The discussion of non-English servicing in the latest Supervisory Highlights also seems to provide a bit more guidance to financial institutions on which parts of the servicing operation are good candidates for prioritizing. In particular, the CFPB highlights telephone (customer service) support with QA monitoring/testing, monthly statements, “payment assistance forms” (which we interpret as a reference to loss mitigation documents), and other “communications and activities that most significantly impact consumers (e.g., loss mitigation and/or default servicing).”
The discussion of LEP issues also contains a warning about steering, highlighting the risks of making some products available in non-English languages, while others are available only in English. This is no surprise to us, as we have always considered this one of the risks in this area, but the Bureau notes that disclosure may help resolve this problem too — it recites that some financial institutions were required to “revise[] their marketing materials to notify consumers in Spanish of the availability of other credit card products.”
All in all, we thought that the CFPB’s most recent LEP guidance was a big step in the right direction. Financial institutions, in our experience, want to serve LEP consumers, but the fear of regulatory consequences has greatly retarded progress in doing so. The more guidance the CFPB provides, and the more concrete it is, the more industry will feel itself free to serve LEP consumers. We also hope that the CFPB’s views will be influential on courts and state agencies that might be called upon to examine LEP issues, and who might impede progress by asking that service to LEP consumers be “too perfect, too quickly,” which will only slow down progress in this area.

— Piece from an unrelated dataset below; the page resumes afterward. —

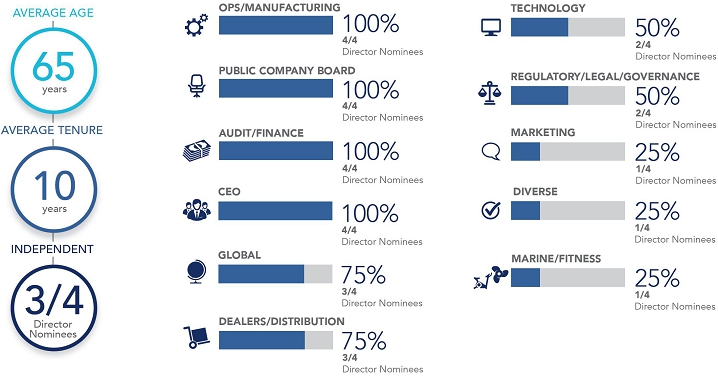 As in the past, strong corporate governance is an important element of our commitment. Your Board continually evaluates and strengthens its governance practices. Last year, we unilaterally adopted bylaw amendments that include proxy access provisions. This year, we are asking shareholders to vote in favor of a plan to declassify the Board of Directors. This Proxy Statement includes details on proposed amendments to Brunswick’s Restated Certificate of Incorporation to declassify the Board (see Proposal 2 on page 25 for more details).

Although the discussion of LEP issues in the Fall 2016 Supervisory Highlights is helpful, we believe that further and more specific guidance is needed, especially with regard to advertising and marketing. This is because, although the CFPB noted that marketing products in non-English languages was encountered by examination teams, and was deemed not to violate any law, that observation was not accompanied by any details about the advertising, and came with the caveat that the observations were valid only under the unspecified “facts and circumstances of the reviews.” What this means is that financial institutions will still be guessing about how to follow the CFPB’s guidance on this issue, and requiring that that sort of guesswork serves neither consumer nor industry.